Friday, April 24, 2009
Securing Religious Liberty in an Age of Growing Intolerance
Tom Berg among others has posted (here and here) on gay marriage and religious liberty. In one post, Tom writes: "It may be time for defenders of traditional opposite-sex marriage to shift some attention from trying to stop gay marriage to trying to secure religious liberty protections, at least in states where there is a significant prospect that the courts or the legislature will recognize gay marriage." And, I agree wholeheartedly in the need to work tirelessly to secure religious and admire those persons who are called to labor in that vineyard.
But, I wonder if it isn't a tad naïve to think that religious liberty will really be secure without a fundamental shift in our nation's anthropological foundations. We might secure short-term protection, but my bet is that these protections erode over time – possibly very quickly.

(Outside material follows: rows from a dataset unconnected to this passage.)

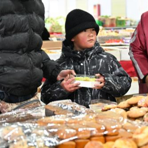 1月27日,在阿合奇县乡村农贸综合市场,当地居民购买糕点和水果。新华社记者 李响 摄pagebreakpagebreak
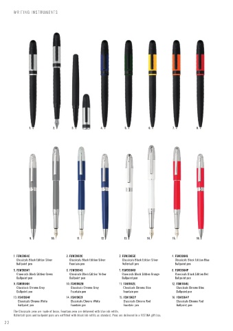 Rollerball pens and ballpoint pens are outfitted with black ink refills as standard. Pens are delivered in a FESTINA gift box.
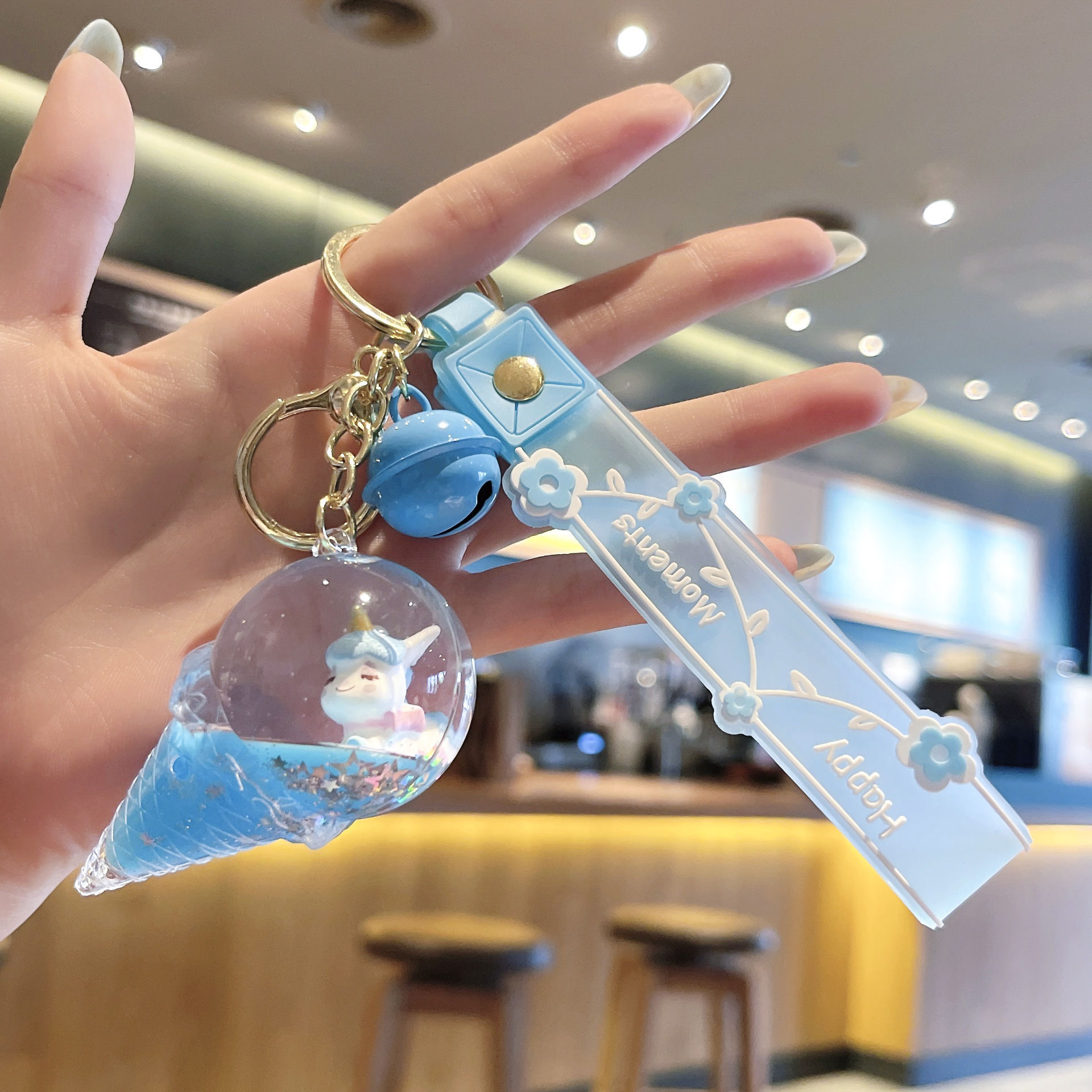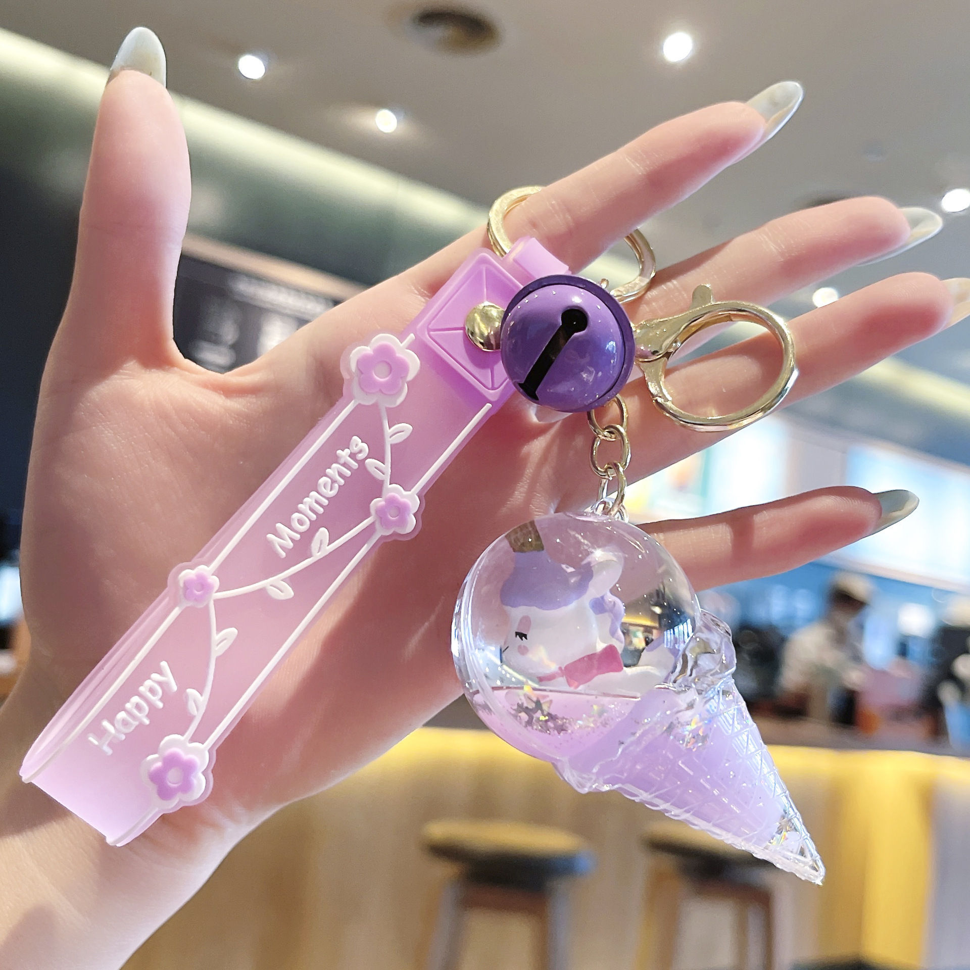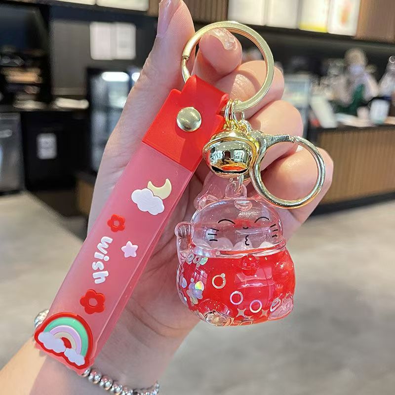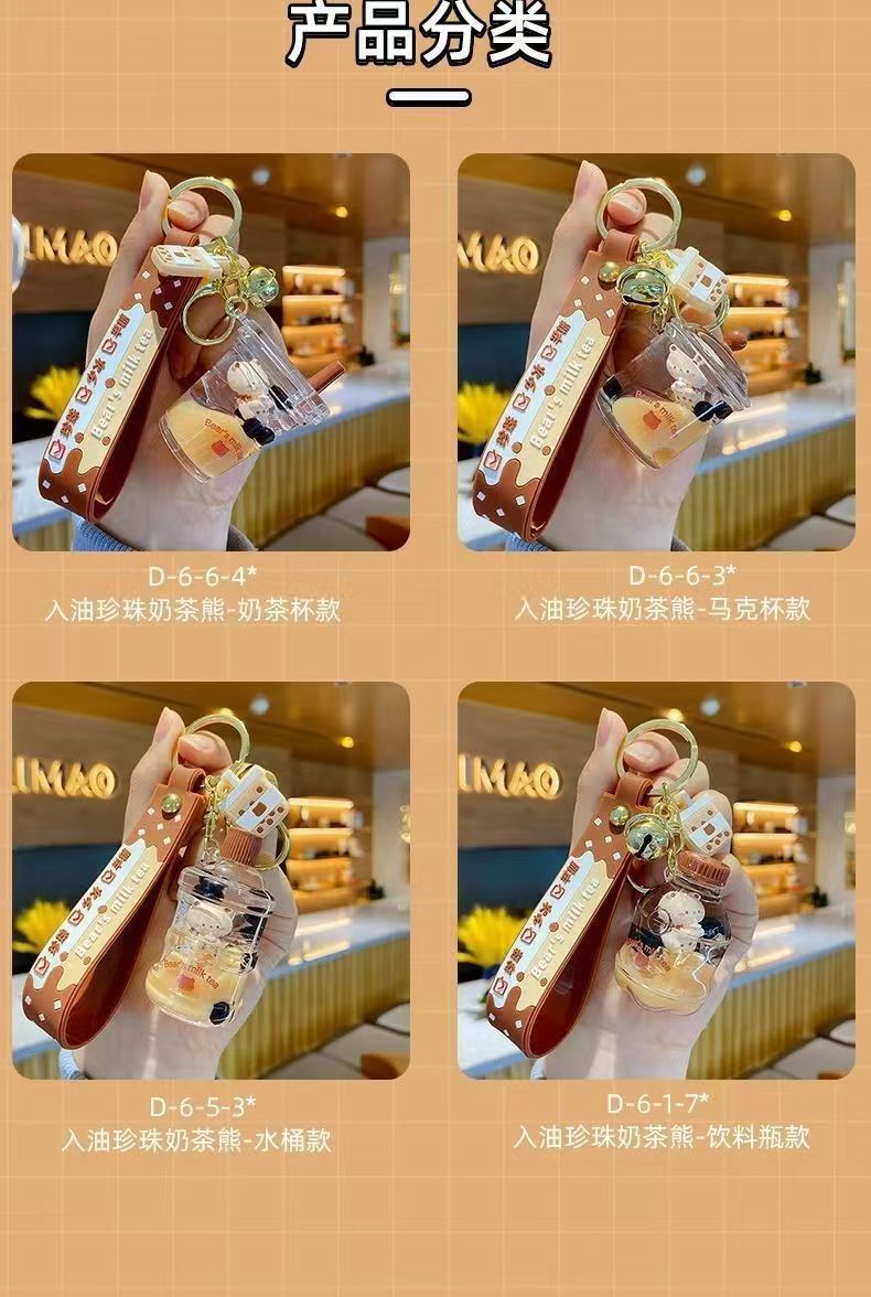 오일로 채워진 버블 티 키 체인 떠 다니는 작은 우유 곰 액체 퀵 샌드 병 펜던트 커플 선물 가방 여성용 장식품스토어 가기

I marvel at what seems to me the rigid intolerance of those who preach tolerance. Photographers cannot be left alone to decline a job involving photographing a same-sex civil commitment ceremony. Catholic Charities cannot be left alone to run its adoption agency according to its own moral compass. Doctors, nurses, pharmacists, and lawyers might be required to subordinate their consciences to the will of the state. J. Budziszewski gives us valuable insight into this phenomenon in his excellent book "The Revenge of Conscience." But, I want to suggest a different, but not necessarily inconsistent, explanation. Many people I talk to think the following. A) Individual autonomy seems to be the paramount good in our society. Each individual is an autonomous chooser who is free to choose among a smorgasbord of private ends for her life. B) One of the state's chief tasks is protecting the individual's ability and right to choose her own private ends. C) Public space is regulated, ordered, and controlled by the state at least partly toward the end of maximizing private autonomy. D) Most public activity (practicing law or medicine, running a business, taking pictures commercially, growing food for sale, etc) is licensed or supervised in some way by the state. E) Many who view private autonomy as the paramount good view those who hold state licenses as operatives of the state and not as independent moral agents. F) As state operatives, doctors, lawyers, photographers, adoption agencies can be required to subordinate their consciences to the will of the state. In this world, there exists only state space and private space; civil society is eviscerated. If those in power (now or in the future) have this view of the world, religious liberty may be secure for private worship but not much else. All the charitable, social, and educational works of religious bodies might be considered public and subject to state control. It is possible that some might even view worship, including the administering of the sacraments, as a public function subject to state discipline. I am not suggesting that any of this will happen in our future. But, as we attempt to secure religious liberty and conscience protection, we ought also to keep an eye on the underlying foundational shifts in society and the possible implications of those shifting sands.